Moscow, Smolensky Boulevard, Study (1916) Wassily Kadinsky source Wikiart |
This book served not only as a platform for Chernyshevsky’s ideas, but it was also a response to Ivan Turgenev’s Fathers and Sons. In Turgenev’s novel, Turgenev explores the relationship between reason and emotion, or perhaps how emotion can undermine one’s ideology. In Fathers and Sons, both the nihilist Bazarov’s ideology and his underdeveloped grasp of emotion appear to cancel each other out, leaving him in a morass of ineffectuality in either. In contrast, the nobleman Kirsanov reaches a level of contentment using a combination of idealism and reason, mirrored in his recognition of family values, the importance of nature and the land on which he lives.
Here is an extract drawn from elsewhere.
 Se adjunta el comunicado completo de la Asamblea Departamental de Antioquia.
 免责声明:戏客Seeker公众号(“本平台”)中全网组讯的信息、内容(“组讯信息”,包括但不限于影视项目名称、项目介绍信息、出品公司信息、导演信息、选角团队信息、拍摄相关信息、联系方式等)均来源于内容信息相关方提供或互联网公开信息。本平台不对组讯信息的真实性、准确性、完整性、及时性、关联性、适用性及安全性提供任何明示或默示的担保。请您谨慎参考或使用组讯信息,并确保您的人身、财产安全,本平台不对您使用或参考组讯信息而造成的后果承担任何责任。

Chernyshevsky despised the novel and Turgenev’s portrayal of “new men”; with his novel, he strove to counter the portrayal, borrowing character names from Turgenev and metamorphosing Bazarov’s nihilism into rational egoism for what he thought allowed for more efficient action. The ongoing debate continued with Fyodor Dostoyevsky’s response to What is To Be Done?, in his Notes from the Underground.
Perhaps I was suffering with extreme impatience with naive “genius” philosophers and writers, but the impatience only increased with Chernyshevsky. Not only were his ideas born of some unrealistic fantasy, but the structure of his book was tedious. The book wasn’t really a story, it was merely Chernyshevsky’s ideas. Everyone is subordinate to his ideas, from his plot, to his characters, even his reader cannot escape. While I know that authors control their stories, I like to feel their stories control them to some degree; that the story is born inside of them with not only the passionate ideas that they breed, but perhaps with an insight that is not quite explored or realized. Then, voilà! A “conversation” is begun between reader and writer. Yet, with Chernyshevsky, this certainly wasn’t the case. Instead of speaking with you, he speaks at you. In fact, he goes so far as to address his readers with an intentional condescension, not only confessing what he is doing to you with his prose, but leading you down garden paths of supposition, professing your own ideas and putting words in your mouth, then calling you an idiot because you followed what he was offering you. I don’t understand it. Often these people profess to know all the ills of society and all the solutions, but they have absolutely no social skills or even an appearance of love for humanity at all; or at least it doesn’t come out in their work.
Chernyshevsky What Is To Be Done Pdf Document
I’m going to read Notes from the Underground next to finish this conversation. Dostoyevsky confuses me, but he has to be better than Chernyshevsky. Doesn’t he ………???